A fixing member that is heated to a predetermined operating temperature and a pressure member that presses against the fixing member are provided, and an unfixed toner image is carried in a nip portion that is a contact portion between the fixing member and the pressure member. In the fixing device for fixing the unfixed toner image to the recording medium by heat and pressure by passing the recorded recording medium,
A temperature detection member for detecting a surface temperature of at least one of the fixing member and the pressure member; and a contact / separation state of the temperature detection member with respect to the fixing member or the pressure member is determined as non-operating temperature of the fixing member. A fixing device characterized in that it changes between operating temperatures. The fixing member or the pressure member facing the temperature detection member is a roller-shaped fixing roller or pressure roller,
2. The fixing device according to claim 1, wherein the contacting / separating state of the temperature detecting member is changed by thermal expansion and contraction in a radial direction of the fixing roller or the pressure roller.   The temperature detection member is supported by a bimetal, and the contact state of the temperature detection member is changed by the bimetal being deformed by heat of the fixing member or the pressure member. 1 fixing device;   The temperature detection member is supported by an elastic support member, and a bimetal is disposed on the side of the support member, and the bimetal is deformed by the temperature of the fixing member or the pressure member, so that the non-operation is performed.
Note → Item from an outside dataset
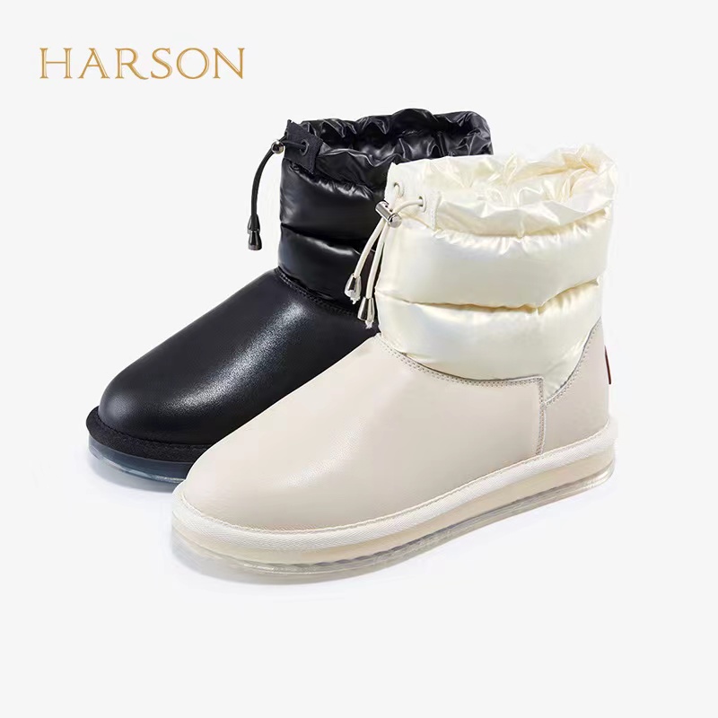 哈森冬季圆头新款冬靴,时尚百搭雪地靴,圆头设计修饰脚型,复合材料拼接更加年轻时尚,平跟舒适让脚部能保持自然状态。 |
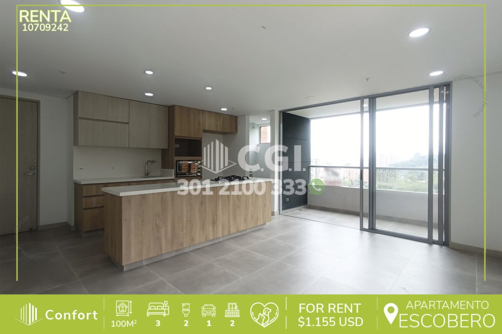 113-09-242 Inmobiliaria en Medellín arrienda apartamento ubicado en el sector de la Abadía en Envigado, cuenta con un área aproximada de 73mt2 distribuidos en sala comedor, cocina integral moderna, zona de ropas, 2 habitaciones de excelente tamaño, la habitación principal cuenta con vestier y baño privado, adicional podemos encontrar 1 baño social y amplio balcón con vista a la zona residencial,...

The temperature detecting member is separated from the fixing member or the pressure member at a temperature, and the temperature detecting member is brought into contact with the fixing member or the pressure member at the operating temperature. 1 fixing device;   The bimetal is disposed between the support member and the fixing member or the pressure member, and the support member is moved away from the fixing member or the pressure member at the non-operating temperature. The pressure is pressed by the bimetal, and the pressure of the bimetal against the support member is reduced at the operating temperature so that the temperature detection member is brought into contact with the fixing member or the pressure member. 4 fixing device;   The bimetal is disposed outside the support member on the side opposite to the fixing member or the pressure member, and at the non-operating temperature, the support member uses the elastic force to move the temperature detection member to the fixing member or the additional member. It is separated from the pressure member, and at the operating temperature, the bimetal presses the support member against its elastic force to bring the temperature detection member into contact with the fixing member or the pressure member. The fixing device according to claim 4.   The fixing device according to claim 4, wherein a heat insulating member is disposed between the temperature detection member and the bimetal.   An image forming apparatus comprising the fixing device according to claim 1.